А другие уже сделали это. Люди приносили ему свои соболезнования и говорили, что станет лучше, что он будет чувствовать себя лучше или, что смерть всего лишь естественная часть жизни. Но я с ними не могла согласиться. Потому что я знала… я знала, что лучше не станет. По крайней мере, в течение очень долгого времени. Не говорите ребенку, который только что потерял мать, что смерть является естественной частью жизни, или что скоро станет легче. Не говорите таких вещей, потому что эти вещи – полное и абсолютное дерьмо. Потеря родителя… это не заживает. Боль от потери не уменьшается, потеряли вы родителей из-за старости или любых других причин. Эта боль – она никогда не уйдет.

Наши ноги погрузились в недавно посаженную траву, как только мы приблизились к склепу. Он был виден еще издалека и напоминал дом с привидениями. Меня до сих пор трясет, хотя я бываю здесь каждый день с того дня…с того дня, как все изменилось, с того дня, как моя жизнь и жизнь моего сына полетела в самую темную, в самую болезненную пропасть, которую мы когда-либо испытывали.

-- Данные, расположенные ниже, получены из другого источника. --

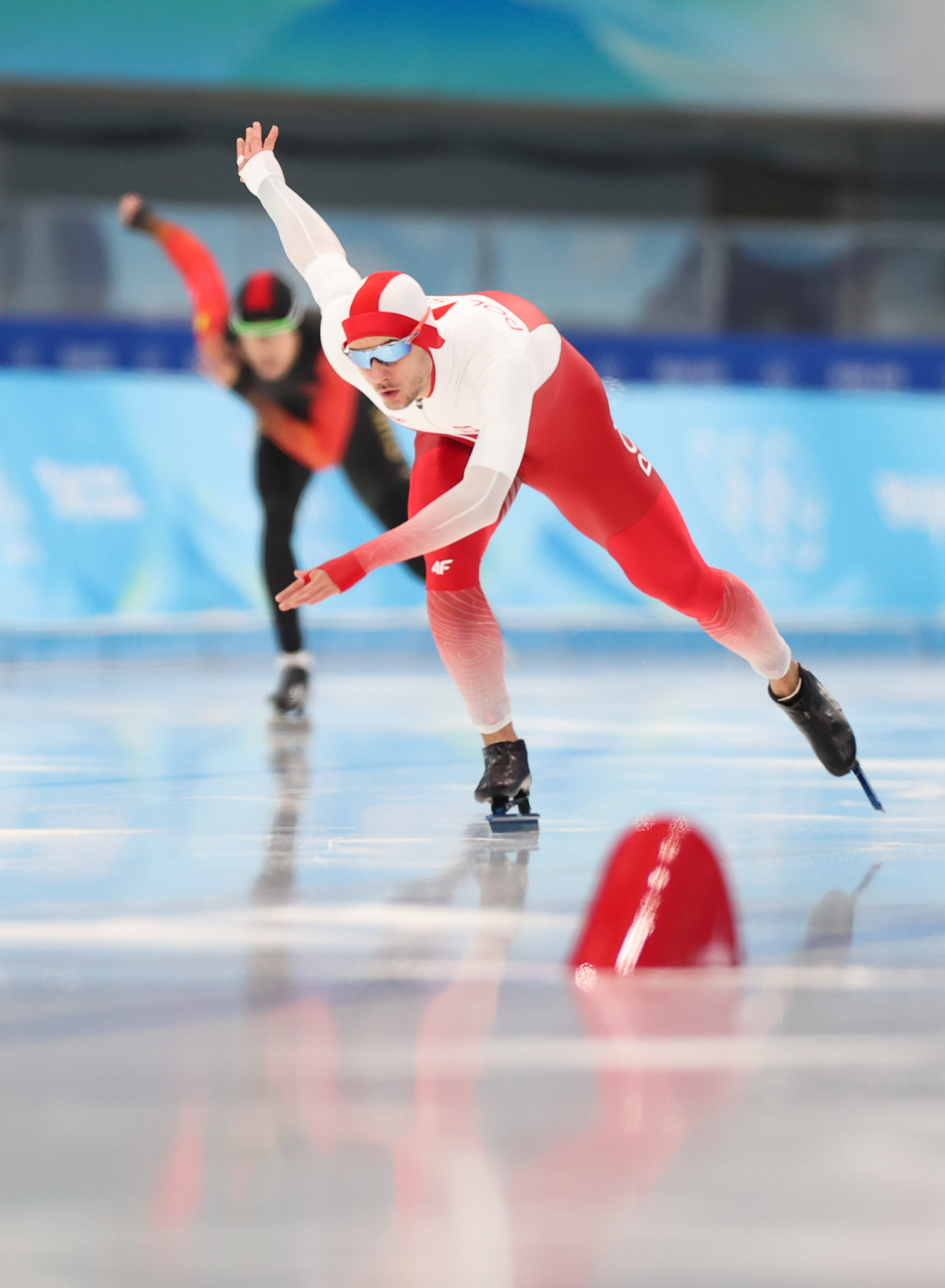 2月18日,波兰选手彼得·米哈尔斯基(前)在比赛中。 当日,北京2022年冬奥会速度滑冰男子1000米决赛在国家速滑馆“冰丝带”举行。 新华社记者 丁 旭 摄

Это ранило меня, потому что я потеряла… друга? Да, думаю я могу сказать, что мы с ней развили некоторую форму дружбы, хоть и странной дружбы, иногда оскорбляя друг друга, иногда сексуально заряжая, но мы были теми, кем мы были, и это было, тем не менее, дружбой. А Генри? Он потерял мать. Он потерял человека, которого знал дольше всех, человека, который лучше, чем кто-либо другой знал его или мог когда-либо узнать, человека, который заботился о нем всю его жизнь, и неважно, что они прошли через трудные времена, или что бывали дни, когда он совсем не хотел ее видеть или даже утверждал, что ненавидит ее, потому что, в конце концов, она все равно была его матерью и не смотря на то, что он говорил или делал, он любил ее. Он любил ее больше, чем когда-либо признавался ей в этом и больше, чем когда-либо он уже сможет ей сказать. И это разрывало меня больше, чем собственная потеря.

Я оглянулась на своего сына, когда он сжал мою руку еще сильнее. Мои глаза пытались рассмотреть каждый его дюйм: от расчёсанных шоколадных волос до заплаканных глаз, от мокрых от слез щек до опущенных уголков губ, от поникших плеч до дрожащего живота и трясущихся ног, одетого в свой лучший костюм. Он настаивал на том, чтобы мы одевались официально каждый раз, когда приходили сюда, и он настаивал, чтобы мы приходили сюда каждый день. Мое сердце сжималось от боли, когда я смотрела на него. Он был сильным парнем, сильнее, чем вы могли бы ожидать от сына мэра, получающего все, или почти все, чего он хотел. Я имею в виду, что тоже была сильным ребёнком, но я выросла в системе. Там ты должен быть сильным, чтобы выжить… но кто знает? Может быть, это просто в его крови.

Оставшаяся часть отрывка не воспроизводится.